L’amministrazione comunale mette sul tavolo il programma già predisposto per il contributo d’accesso. Dopo anni di pausa Covid e l’eliminazione dei fastidiosi tornelli, è previsto per il 2024. Per le feste comandate: Pasqua, 25 aprile, primo maggio, ponte dei morti, ecc. Ci sarà un QrCode di 5/6 euro per i giorni più affollati. L’opposizione si era in parte già schierata. Per il contributo d’accesso la parola ai cittadini, si disse in una infuocata assemblea a Rialto e poi manifestazione a Campo Santa Margherita. Per il Pd il contributo d’accesso era “inadeguato e ininfluente”. Per il consigliere Marco Gasparinetti addirittura una “gabella medievale”. Nell’opposizione, solo la consigliera Cecilia Tonon di “Venezia è tua”, i disincentivi per i limitare i flussi, andavano bene.

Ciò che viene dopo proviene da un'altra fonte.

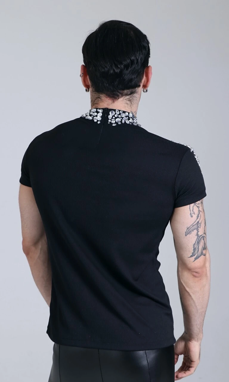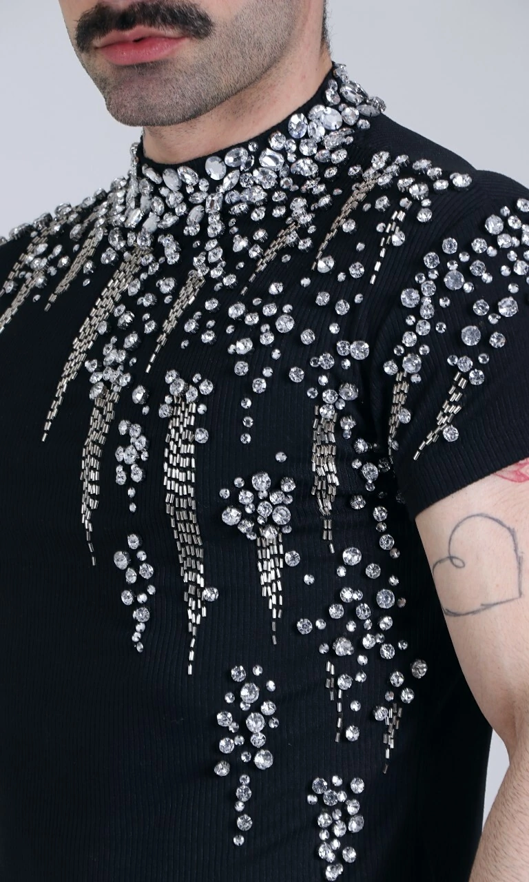 Camiseta gola alta, canelada, com modelagem slim, toda bordada em cristais e chuvas de vidrilhos. Exclusiva e feita sob encomenda, confeccionada em mistura de viscose com poliéster, com mangas curtas. Uma peça sofisticada, perfeita para quem busca brilho e elegância em todos os detalhes.
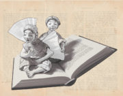 In meiner künstlerischen Arbeit sind Bücher sind meine Inspiration und mein Material. Im Original habe ich die beiden lesenden Kinder mit Acrylfarbe auf Leinwand gemalt und mit Fragmenten aus alten, zerliebten Buchseiten zur Buch Collage gestaltet. Diesen Digitaldruck sende ich Dir in einem einzeln angefertigten, handgemachten Passepartout mit einer Buchseiten Collage.
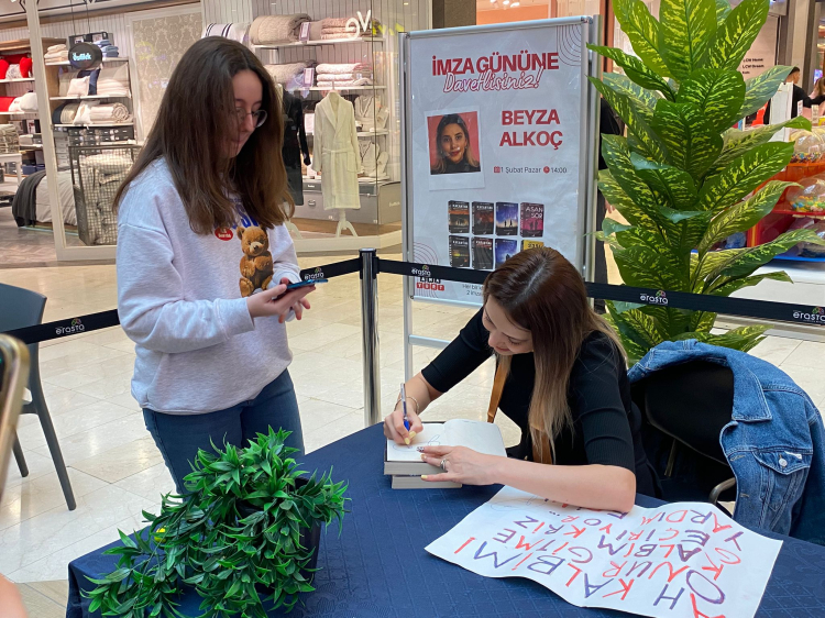 “3391 Kilometre”, “Karantina”, “Sınır” ve “Asansör” gibi milyonlara ulaşan eserlerin yazarı olan Beyza Alkoç, imza günü boyunca uzun kuyruklar oluşturan okurlarıyla tek tek ilgilendi. Kitaplarını imzalayan Alkoç, hayranlarıyla sohbet edip fotoğraf çektirmeyi de ihmal etmedi.
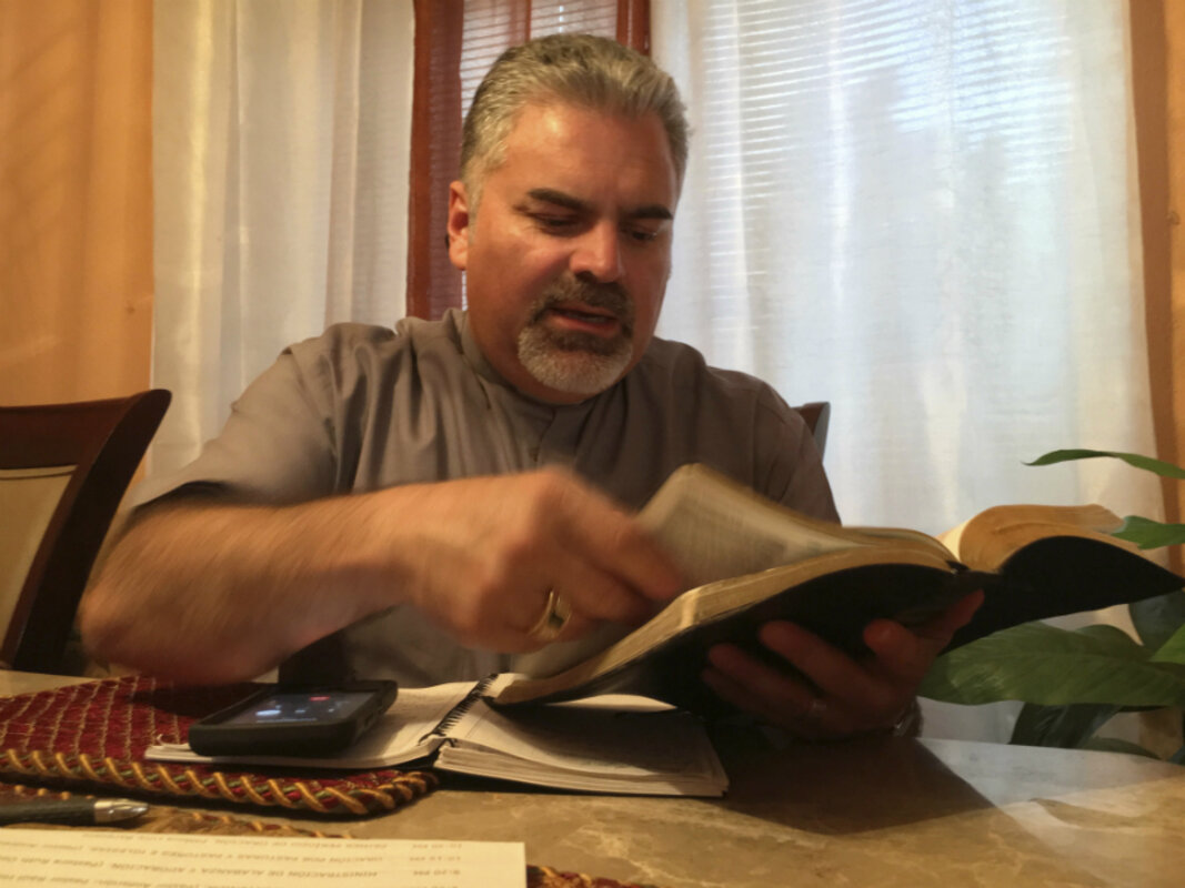 Barquero and his wife, Lucy, conduct weekly meetings by telephone with people who are afraid or unable to go to church. They also make occasional home visits around Houston.

Con il nuovo intervento a gamba tesa dell’Unesco si attendono reazioni e polemiche
Da oltre 70 anni il centro storico perde abitanti. La cifra simbolo “49.999” cara a Venessia.com e alla farmacia di Campo San Bortolomio, è stata superata. La contesa ora è tra il numero dei posti letto per turisti (49.272) che appare in una libreria di Campo S.Margherita e i residenti (49.346). Il centro storico perde centinaia di abitanti ogni anno (oltre 8 mila negli ultimi dieci..). Tanti vecchi (oltre 5 mila tra ottantenni e novantenni), mentre il rapporto tra gli ultra 65enni (16.000 circa) supera di quattro volte i 15-20enni, circa 4 mila. Secondo una ricerca della Spi-Cgil, tre veneziani su dieci superano i 70 anni. Dati da patrimonio archeologico Unesco.
A cosa mirava l’Unesco
Il celebre rapporto su Venezia del 1969 (tre anni dopo la grande alluvione e sette dopo il celebre convegno del 1962 alla Fondazione Cini, dove si etichetta per la prima volta “il problema di Venezia”), l’Unesco puntava sulla conservazione dei monumenti, sull’ambiente, sul rapporto “perverso” tra centro storico-terraferma e zona industriale. Della sorte dei veneziani, all’epoca, nessun accenno.
E se l’Unesco avesse forzato la mano?
Per il prof. Amerigo Restucci, già rettore Iuav, il segnale del World Heritage Centre è stato “troppo secco”, per non dire antiquato. Insomma l’Unesco ha un po’ forzato la mano. C’è ancora tempo per rimediare. E da qui a settembre, discussioni e polemiche non mancheranno. Tra campi, calli e campielli, siamo abituati.